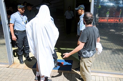 Emerson Petriv (PSC), vereador de Londrina, ficou injuriado com a suspensão da comissão processante contra a colega Sandra Graça (SDD). Sandra ganhou sete dias para fazer sua defesa por escrito. A abertura de CP foi feita com base na condenação da vereadora por manter suposto funcionário fantasma. Petriv protestou fantasiado de “fantasma”.
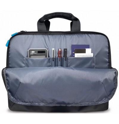 Borsa in 2 scomparti in tessuto tecnico antigraffio antipioggia tasche interne e scomparto porta pc tablet imbottito fascia posteriore per trolley e tracolla regolabile removibile dimensioni 41x31x10,5 cm
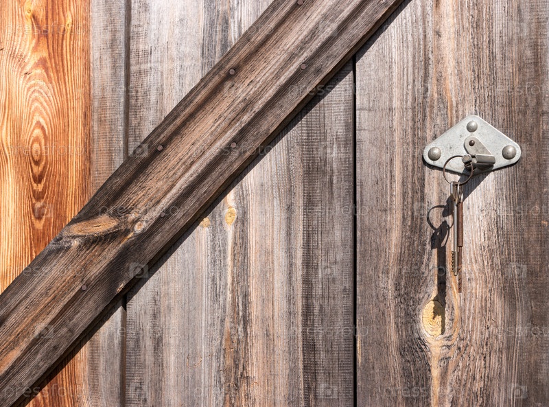 Замок с ключом в старом сарае. Фон с текстурой дерева
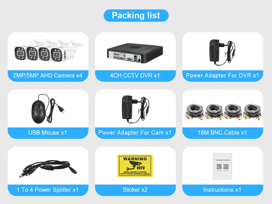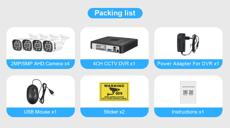 6. The DVR is 4CH hybrid DVR, support AHD Camera, Analog Camera, IP Camera, TVI Camera, CVI Camera;
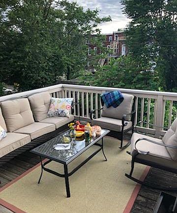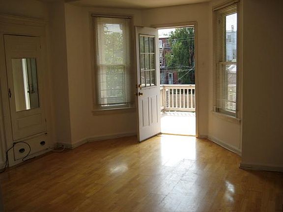 This unique second floor 2 BR apartment has all wood floors and a cleverly designed kitchen/living area that opens onto a large sunset facing deck. The apartment has both front and back entrances with an off-street shared parking pad in the rear. The apt has all amenities including W/D (in unit) and CAC. There is a designated secure space in the basement for extra storage. Renter is reponsible for Gas and Electric
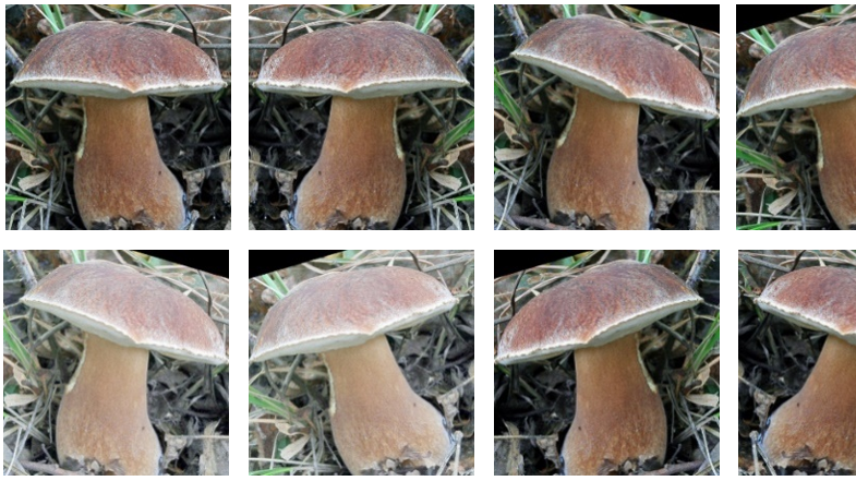 Die Basis für das Training der neuronalen Netze sind die Trainingsbilder. Es wurden tausende Bilder von verschiedenen Pilzarten aus dem Internet heruntergeladen und standardisiert. Das bedeutet, dass die Pilze in jedem Bild mithilfe von Haar-Merkmalen[3-5] lokalisiert wurden. Anschliessend wurden diese Bilder zentriert, zugeschnitten und auf eine einheitliche Grösse von 256x256 Pixel gebracht. Damit die Anzahl an Bildern möglichst gross ist, wurden anschliessend alle Bilder vervielfacht. Dies gelang durch das Spiegeln, Drehen und durch die Anpassung des Gammawertes jedes einzelnen Bildes. Durch die Kombination dieser Methoden konnten aus jedem Bild zwölf Trainingsbilder erzeugt werden. Die gesamte Anzahl an Bildern der 15 Pilzarten stieg damit auf ca. 35’000 Stück.
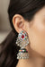 These are a traditional pair of earrings in Oxidised style. The earrings is covered with intricate designs and small shiny stones.These earrings work well with ethnic Wear. It is easy to see why this jewellery has gained popularity. Not only does it have a unique look but it is versatile and cost effective in comparison to purer metals like gold and silver. This metal comes in myriad patterns with stone work, delicate carving and enamelling to name a few. These pieces have an old world charm and traditional appeal. Oxidized metal offers a fresh and novel look in the world of gold and silver jewellery.
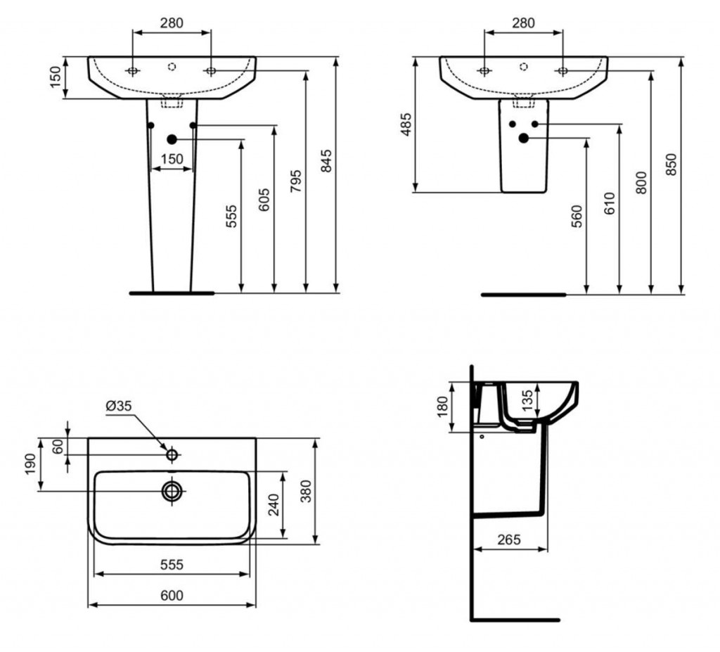 - výška umyvadla 180 mm
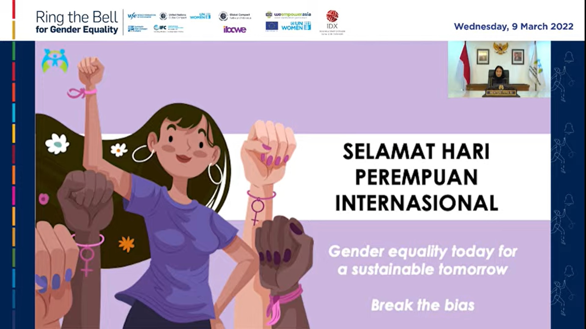 Dalam momentum peringatan Hari Perempuan Internasional, Menteri Pemberdayaan Perempuan dan Perlindungan Anak (PPPA) Bintang Puspayoga mengajak dunia usaha dan sektor swas...
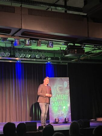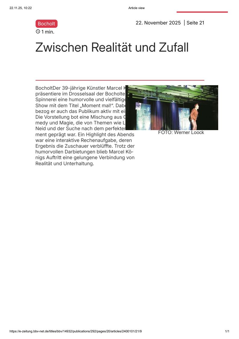 Der 39-jährige aus nördlich von Hamburg freute sich über die Zuschauer der ersten Reihe, ganz besonders über den Herrn ganz rechts aus Dingden, das in Hamburg übrigens ein Riesending sei, obwohl so weit weg von Bocholt und doch alles genau so wie in Bocholt, Währung und alles! Die zehn Kilometer Anreise jedenfalls sei die Show auf jeden Fall wert, so König. Das Gegenteil bei der Handvoll Dortmunder im Publikum, deren sechzig Kilometer Anreise sei die Show im Leben nicht wert. So wurde man eingestimmt. Die Show pendelte von Freud zu Leid, von Liebe zu Neid und von Alt zu Jung im Drosselsaal der Bocholter Spinnerei. Der perfekte Moment sollte gefunden werden als eine Symbiose zwischen Realität und Zufall, ob als Lebensweisheit oder doch nur CPT-Geplapper, das blieb dahingestellt.
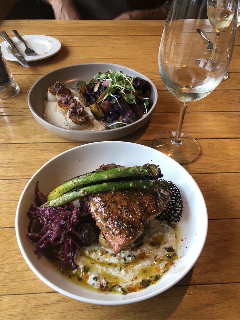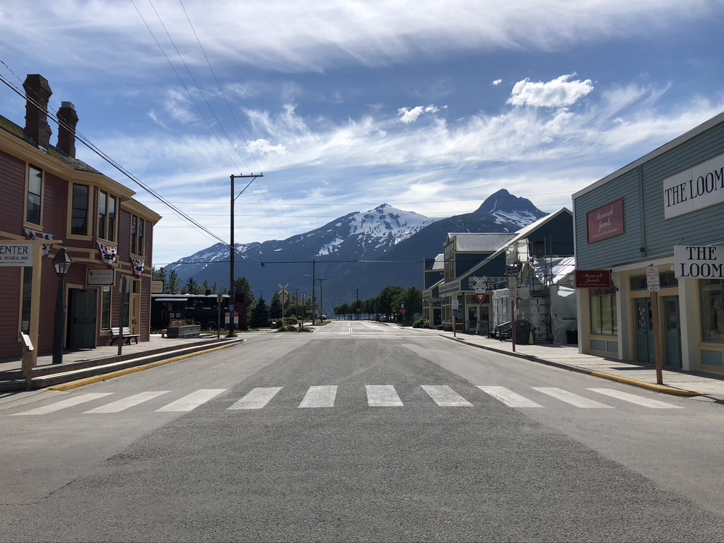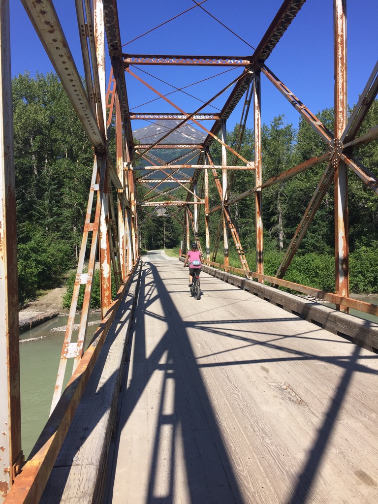 After our flight to Juneau, and a night in the state capital, we boarded the ferry for the six hour trip along the Inside Passage to Skagway. Known as a jumping-off point for prospectors heading to the gold fields of the Yukon during the rush of 1898, Skagway is now a quiet town of wooden boardwalks and old west-style buildings that house businesses catering to the cruise ships that ply the waters of the Inside Passage. On days when no ships are in port – like the full day we were in town – things can get pretty quiet. Though it was a Saturday, most shops and restaurants were closed, and those that were open only operated for a few hours. On a side street we did find Sockeye Cycle Company, which rents e-bikes, and was open for business. The owner gave us a map of the area and suggested a ride out to the Dyea town site where we could enjoy scenic views of the Chilkoot Valley and see the salmon running up the Taiya river into the smaller creeks to spawn. Sounded like the perfect way to spend the day – at least until the Skagway Brewing Company opened its doors at 4 pm. The scenery was indeed beautiful – crossing the Skagway River just outside town, cycling around Nahku Bay and then arriving at the former site of the town of Dyea, which, along with Skagway, funneled gold-seekers onto the Chilkoot Trail on their way to the Yukon. The town sat on the flats at the mouth of the Taiya river, where salmon return to spawn every summer. We left our bikes by the banks of the Nelson Slough, a small offshoot of the Taiya, and marveled at the numbers of fish choking the small stream. Bald eagles, some with a brood of eaglets, perched on driftwood, apparently already sated from feasting on the profusion of fish in the shallow waters. Eventually we mounted our bikes for the return trip and a much-deserved beer at the brewery.

+---+

Copy only this from above: the line containing "Borsa in 2 scomparti", the line containing "This unique second", and all lines between, printed exactly. Leave out the pictures.

== Exercise result ==
 Borsa in 2 scomparti in tessuto tecnico antigraffio antipioggia tasche interne e scomparto porta pc tablet imbottito fascia posteriore per trolley e tracolla regolabile removibile dimensioni 41x31x10,5 cm
 Замок с ключом в старом сарае. Фон с текстурой дерева
 6. The DVR is 4CH hybrid DVR, support AHD Camera, Analog Camera, IP Camera, TVI Camera, CVI Camera;
 This unique second floor 2 BR apartment has all wood floors and a cleverly designed kitchen/living area that opens onto a large sunset facing deck. The apartment has both front and back entrances with an off-street shared parking pad in the rear. The apt has all amenities including W/D (in unit) and CAC. There is a designated secure space in the basement for extra storage. Renter is reponsible for Gas and Electric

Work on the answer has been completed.